SinarHarapan.ID – Hubungan ekonomi antara Uni Emirat Arab dan Indonesia terus menunjukkan perkembangan signifikan seiring peringatan 50 tahun hubungan diplomatik kedua negara yang telah terjalin sejak 30 April 1976. Kemitraan strategis tersebut semakin diperkuat melalui kerja sama di berbagai sektor, mulai dari energi terbarukan hingga ekonomi digital.
Hal itu disampaikan Duta Besar UEA untuk Indonesia dan Republik Demokratik Timor-Leste, Abdulla Salem AlDhaheri, saat menerima puluhan mahasiswa pascasarjana Georgetown University di kediamannya di Jakarta awal Mei lalu.

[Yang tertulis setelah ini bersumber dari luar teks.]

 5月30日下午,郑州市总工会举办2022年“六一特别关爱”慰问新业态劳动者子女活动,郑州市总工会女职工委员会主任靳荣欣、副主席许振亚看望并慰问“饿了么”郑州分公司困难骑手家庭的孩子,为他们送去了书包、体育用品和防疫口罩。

Dalam pertemuan tersebut, AlDhaheri menegaskan bahwa hubungan erat antara Presiden UEA Mohamed bin Zayed Al Nahyan dan Presiden RI Prabowo Subianto menjadi fondasi utama penguatan agenda bilateral kedua negara. Sejak dilantik, Presiden Prabowo tercatat telah tiga kali melakukan kunjungan ke UEA, yang mencerminkan posisi strategis negara tersebut bagi Indonesia di kawasan Timur Tengah.

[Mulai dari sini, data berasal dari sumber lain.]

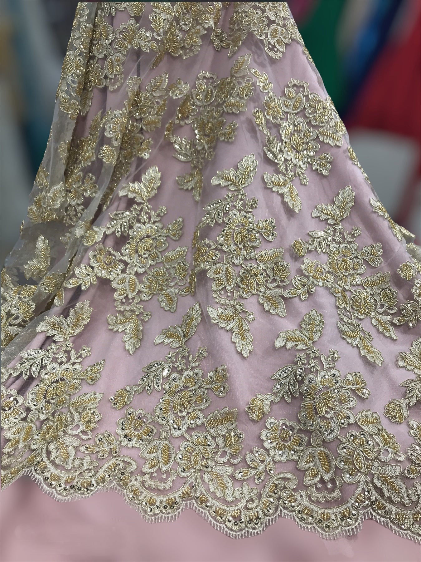 Tela de encaje con cuentas y lentejuelas de alta calidad, hecha a mano, bordada en malla de red 100% poliéster. Hermosa en vestidos de novia, vestidos de noche, trajes de baile y más.

Kerja sama ekonomi kedua negara kini berkembang melampaui sektor tradisional seperti minyak dan penerbangan. Kolaborasi diperluas ke bidang energi bersih, investasi strategis, pelabuhan dan logistik, pusat data dan infrastruktur digital, jasa keuangan, pendidikan, hingga inovasi teknologi.
Kesepakatan Comprehensive Economic Partnership Agreement (CEPA) turut menjadi pendorong utama peningkatan perdagangan bilateral. Nilai perdagangan kedua negara meningkat dari 1,9 miliar dolar AS pada 2020 menjadi 5,4 miliar dolar AS pada 2024.
Di bidang investasi, arus investasi UEA ke Indonesia sepanjang 2021–2025 mencapai 4,3 miliar dolar AS. Investasi tersebut tersebar di sektor energi terbarukan, pelabuhan, logistik, keuangan, hingga ekosistem digital. Sementara itu, investasi Indonesia ke UEA tercatat sebesar 78,1 juta dolar AS.
Sejumlah perusahaan besar UEA juga aktif menanamkan modal di Indonesia. DP World mencatatkan nilai investasi hingga 7,5 miliar dolar AS, sedangkan Masdar menginvestasikan sekitar 508,9 juta dolar AS, termasuk pada proyek Pembangkit Listrik Tenaga Surya Terapung Cirata di Jawa Barat.
Selain ekonomi, kedua negara juga memperkuat kerja sama lingkungan melalui Mangrove Alliance for Climate serta pendirian Mohamed bin Zayed–Joko Widodo International Mangrove Research Centre di Bali sebagai pusat riset mangrove internasional.